Top of INPUT RECORDS

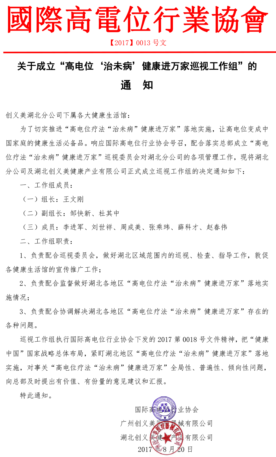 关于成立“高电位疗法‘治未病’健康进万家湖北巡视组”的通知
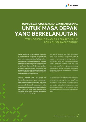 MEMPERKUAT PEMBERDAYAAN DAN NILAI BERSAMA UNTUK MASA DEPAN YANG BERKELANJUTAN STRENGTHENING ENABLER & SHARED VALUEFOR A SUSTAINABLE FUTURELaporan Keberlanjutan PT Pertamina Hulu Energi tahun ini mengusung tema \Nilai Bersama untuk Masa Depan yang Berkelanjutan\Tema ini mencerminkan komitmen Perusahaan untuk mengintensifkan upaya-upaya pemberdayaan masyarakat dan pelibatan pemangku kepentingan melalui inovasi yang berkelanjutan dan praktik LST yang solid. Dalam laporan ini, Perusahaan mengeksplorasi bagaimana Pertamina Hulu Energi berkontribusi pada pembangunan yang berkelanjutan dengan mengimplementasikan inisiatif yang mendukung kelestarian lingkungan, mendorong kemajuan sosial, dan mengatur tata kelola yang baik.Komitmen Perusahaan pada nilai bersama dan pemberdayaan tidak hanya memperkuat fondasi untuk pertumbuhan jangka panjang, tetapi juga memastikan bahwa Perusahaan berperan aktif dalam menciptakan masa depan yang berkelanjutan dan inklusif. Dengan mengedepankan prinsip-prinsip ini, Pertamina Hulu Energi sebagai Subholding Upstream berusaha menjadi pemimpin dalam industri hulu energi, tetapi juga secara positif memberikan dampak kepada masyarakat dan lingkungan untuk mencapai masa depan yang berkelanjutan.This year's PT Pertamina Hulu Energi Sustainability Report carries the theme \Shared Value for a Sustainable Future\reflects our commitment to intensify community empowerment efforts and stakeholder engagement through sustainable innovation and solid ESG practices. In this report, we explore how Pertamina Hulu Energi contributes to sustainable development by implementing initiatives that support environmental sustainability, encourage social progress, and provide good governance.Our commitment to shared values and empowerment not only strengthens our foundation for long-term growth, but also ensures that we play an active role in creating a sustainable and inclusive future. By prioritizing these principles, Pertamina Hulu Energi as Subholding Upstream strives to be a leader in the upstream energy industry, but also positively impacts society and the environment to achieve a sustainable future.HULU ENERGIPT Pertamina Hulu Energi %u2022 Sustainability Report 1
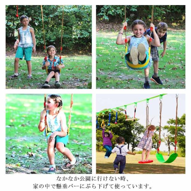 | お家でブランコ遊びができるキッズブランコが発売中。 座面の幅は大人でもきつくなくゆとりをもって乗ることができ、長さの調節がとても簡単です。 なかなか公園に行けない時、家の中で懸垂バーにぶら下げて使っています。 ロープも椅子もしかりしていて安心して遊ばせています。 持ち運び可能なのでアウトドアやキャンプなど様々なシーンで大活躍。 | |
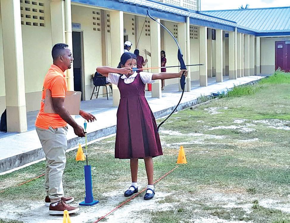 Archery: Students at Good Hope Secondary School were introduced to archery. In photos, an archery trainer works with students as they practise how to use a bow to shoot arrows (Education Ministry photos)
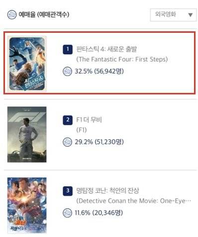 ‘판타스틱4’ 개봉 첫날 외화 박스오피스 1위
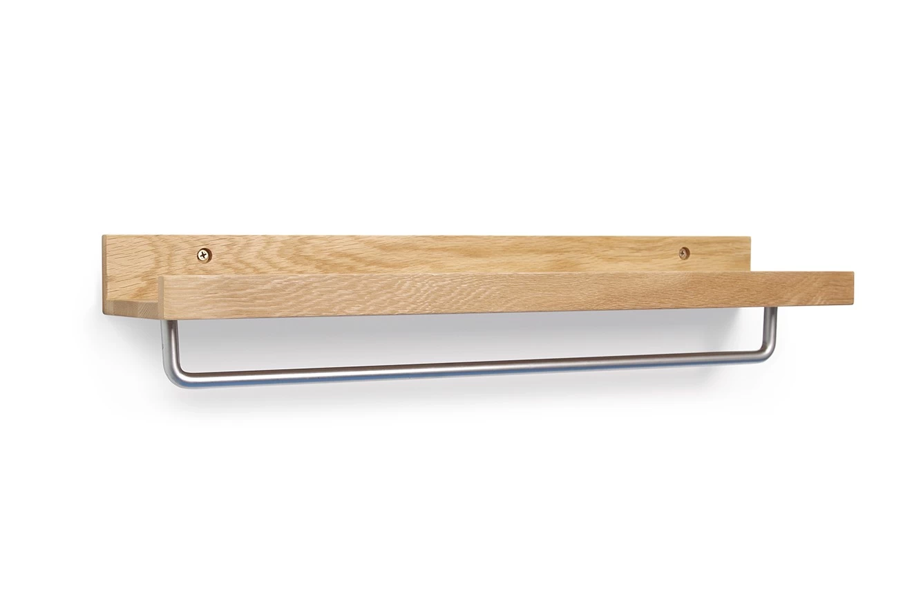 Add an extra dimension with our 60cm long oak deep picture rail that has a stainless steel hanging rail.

Bottom of INPUT RECORDS

§ EXERCISE GOAL
From the material above, give again exactly the lines from the one that contains "Archery: Students at" through the one that contains "외화 박스오피스 1위", and leave out the pictures.

§ RESPONSE BOX
 Archery: Students at Good Hope Secondary School were introduced to archery. In photos, an archery trainer works with students as they practise how to use a bow to shoot arrows (Education Ministry photos)
 ‘판타스틱4’ 개봉 첫날 외화 박스오피스 1위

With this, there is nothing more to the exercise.